Bessie is "pretty fast", but I can feel or am aware of the frizzen flying forward before the bang. But again, she seems to fire fastest with 1fg packed up tight against the touch hole. And of course, being individuals, Bess likes a generous helping of prime, the Jeager just a small amount.
 
That might be myth. ?
As late as the Civil War part a prospective soldier was examined by the regimental surgeon who checked that he had two front teeth, on upper, one lower with which he could bite open his cartridge. The bullet was held by the teeth until it was spat down the barrel.

The other "bite" the bullet was part of surgery. If a stick wasn't available, a soldier was given a bullet to bite on. The Civil War Museum of Medicine in Frederick, MD has examples on display (when I visited over a decade ago).
 
As late as the Civil War part a prospective soldier was examined by the regimental surgeon who checked that he had two front teeth, on upper, one lower with which he could bite open his cartridge. The bullet was held by the teeth until it was spat down the barrel.
Are you sure? I believe the paper end of the cartridge was bitten off, the powder poured in, and then either the bullet, paper and all was rammed down the barrel, depending on the type of cartridge, or the bullet was squeezed out of the paper, and then put in the muzzle and rammed down.

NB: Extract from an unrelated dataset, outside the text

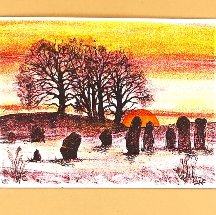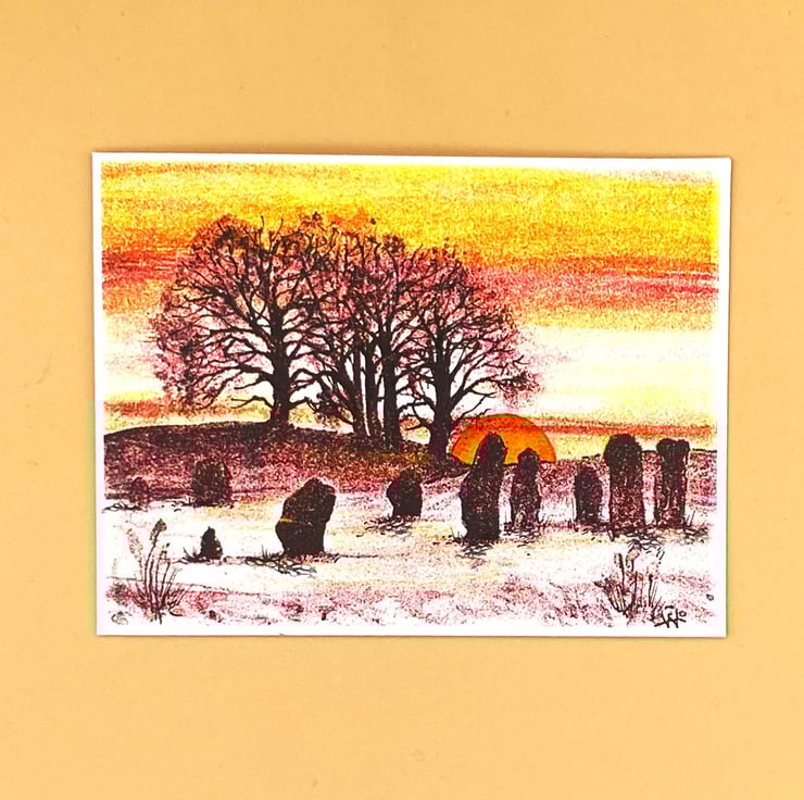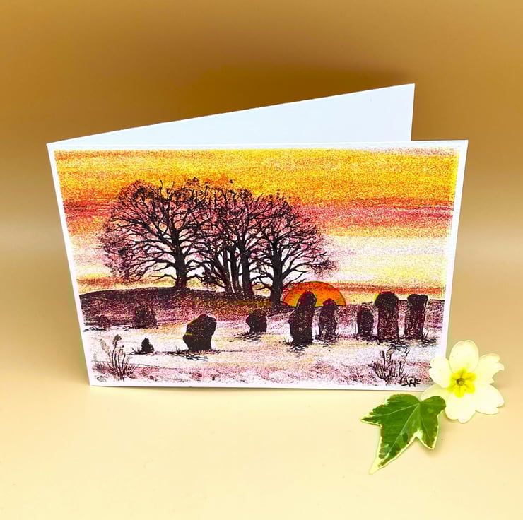 This greetings card of Avebury standing stone circle (version 2) shows the evening sun setting almost behind the trees standing on the little rise. The ancient stone circle is a wonderful place and has a profound magic all of it's own especially at sunset. The image is taken from my original watercolour painting and I have tried to capture a little of the stones spirit. It is a blank card for your own message.

If you watch that video by "Paper Cartridges", with the bullet or ball still in the paper it was almost impossible to spit it into the muzzle. It would not go in straight, nor go down. Plus, biting the bullet off the cartridge resulted in something like 24-30% of the powder being spilt. But, I ain't no expert on this. !!!
 
Checked with von Steuben and Hardee on loading and it says noting about bite'n the boolit so you're right Ugly Source.
 
Not relevant to you muzzle loaders but my 74 Shiloh Sharps 50 2-1/2" seems to prefer 1.5 Swiss and OE over FFg. Clean up is easier and it shoots better, at least as well as my aging eyesight can see.